The Revised Moon Treaty had been voted on and ratified by the UN in 2025, the same year that the Geneva UN Charter had been published, and five years after the United States had formally withdrawn from the UN. Like its predecessor, the Moon Treaty of 1979, the RMT discouraged private enterprise in space by forbidding private ownership or exploitation of any world or other body in space. Individual governments were forbidden to stake out claims—even of the fast-dwindling available satellite slots in geosynchronous orbit. The issue was one of many that had led to the American withdrawal from the UN, and the organization’s relocation to Geneva.
The United States had never been signatory to the RMT, but it looked as though the UN was determined to enforce the treaty anyway.
“As for how long you will be kept here,” Bergerac went on, “that depends on several factors outside my control. At worst, we will be forced to leave you until the next cycler flyby, which is scheduled for three months from now. With luck, however, we will have the situation…clarified sooner than that. At that time, we will arrange for your transport to Mars Prime, where you will remain until the cycler arrives.”
“He can’t do that!” someone said over the open channel.
“My God, what are we gonna do?…” That sounded like one of the scientists.
“Shoot the fuckers….” That sounded like Ostrowsky.
Garroway was painfully aware that the discipline holding the men and women of his section was dangerously close to cracking; if they lost it, they would be at the mercy of their captors…and of the utter inhospitality of the Martian desert.
“You should find the outpost hab adequate,” Bergerac continued, “if not exactly comfortable. The still is inside, and you have fuel cells enough to provide you with what power you’ll need.” He pointed. “That Mars cat has several of my men on board, never mind how many. It arrived here several hours ago to prepare the station for you, and to make certain there were no communications equipment or computers here. We cannot permit you to communicate at all with Earth, or even with other bases on the planet.

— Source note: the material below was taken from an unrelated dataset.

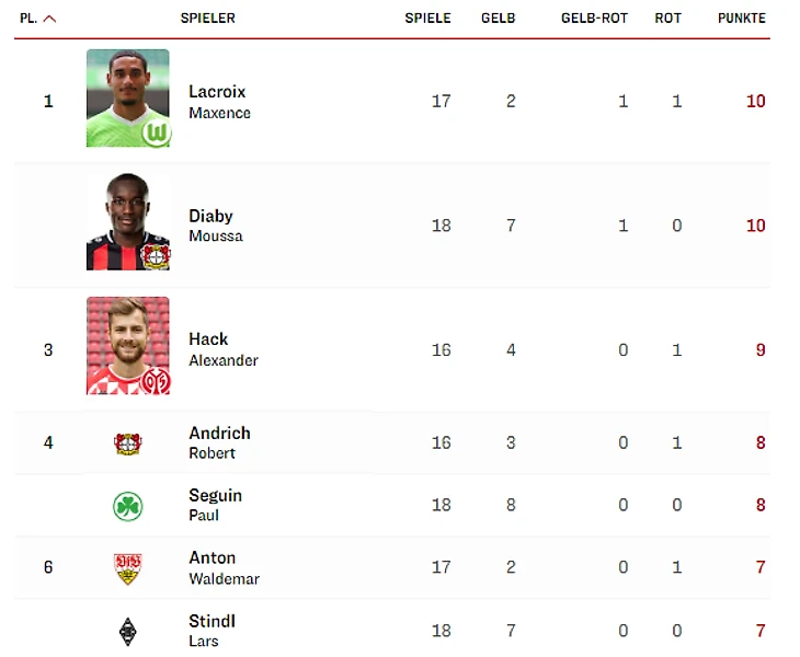 *игрок – кол-во игр – желтые – 1+1 желтые – красные – всего

“They’re here to keep an eye on you, at least for the time being. They will stay long enough to be certain that you are settled in and need nothing. If you do find you are lacking in anything, you may ask them, and they will communicate with me. I warn you, however, to approach the Mars cat one at a time only, and with a white cloth in your hand. You will not be permitted to approach the cat closer than about twenty meters…for reasons that should be obvious to you.
“And now, I must say adieu. We will see one another again, quite soon. Be assured of that.”

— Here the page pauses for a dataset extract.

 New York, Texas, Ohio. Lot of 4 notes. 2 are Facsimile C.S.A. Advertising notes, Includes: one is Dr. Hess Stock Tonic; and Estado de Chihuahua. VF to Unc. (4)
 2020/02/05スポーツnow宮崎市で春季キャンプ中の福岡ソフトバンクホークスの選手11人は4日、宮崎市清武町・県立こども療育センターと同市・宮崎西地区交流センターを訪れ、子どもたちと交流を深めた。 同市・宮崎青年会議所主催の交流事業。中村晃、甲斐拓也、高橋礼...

Bergerac turned then and strode back into the shuttle, followed by the two guards, who backed up the ramp, their rifles still trained on the Marines.
“We can take ’em…” one voice said.
“Belay that, Marine,” Garroway growled. If those UN troops started shooting now, half of his people would be dead or swiftly dying in the cold Martian air in the space of a second or two.

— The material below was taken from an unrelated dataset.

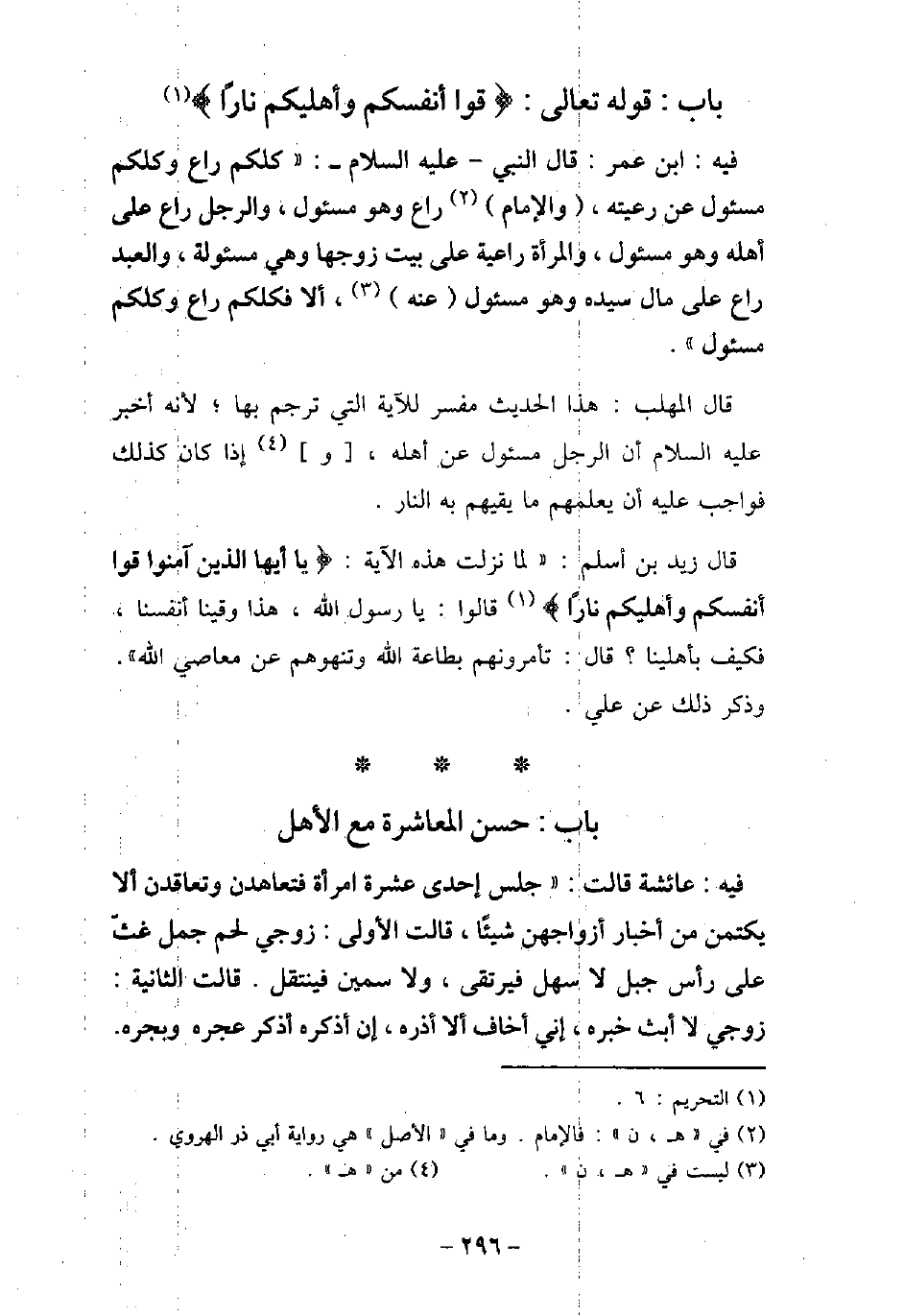 / 77 - فيه: ابْن عُمَرَ، قَالَ النَّبِىُّ، عَلَيْهِ السَّلام: (كُلُّكُمْ رَاعٍ وَكُلُّكُمْ مَسْئُولٌ عن رعيته، وَالإمَامُ رَاعٍ وَهُوَ مَسْئُولٌ، وَالرَّجُلُ رَاعٍ عَلَى أَهْلِهِ وَهُوَ مَسْئُولٌ، وَالْمَرْأَةُ رَاعِيَةٌ عَلَى بَيْتِ زَوْجِهَا وَهِىَ مَسْئُولَةٌ، وَالْعَبْدُ رَاعٍ عَلَى مَالِ سَيِّدِهِ وَهُوَ مَسْئُولٌ عنه، أَلا فَكُلُّكُمْ رَاعٍ وَكُلُّكُمْ مَسْئُولٌ) . قال المهلب: هذا الحديث مفسر للآية التى ترجم بها؛ لأنه أخبر عليه السلام أن الرجل مسئول عن أهله، وإذا كان كذلك فواجب عليه أن يعلمهم ما يقيهم به النار. قال زيد بن أسلم: لما نزلت هذه الآية: (يا أيها الذين آمنوا قوا أنفسكم وأهليكم نارًا) [التحريم: 6] ، قالوا: يا رسول الله، هذا وقينا أنفسنا، فكيف بأهلينا؟ قال: (تأمرونهم بطاعة الله وتنهوهم عن معاصى الله) ، وذكر ذلك عن على.

Then the moment was past, the hatch slowly closing. “Come on, people,” Garroway said. “There’ll be another time. Move back before they light that torch!”
The Marines and civilians turned and jogged toward the hab, putting as much distance between themselves and the shuttle as they could. A moment later, the landscape turned brighter, and Garroway’s external mikes picked up a high-pitched, metallic shriek as the shuttle’s main drive kicked in. He turned in time to see the shuttle climbing into the black, early-morning sky on a wavering pillar of superheated methane.
And the Marines were left alone in the desert.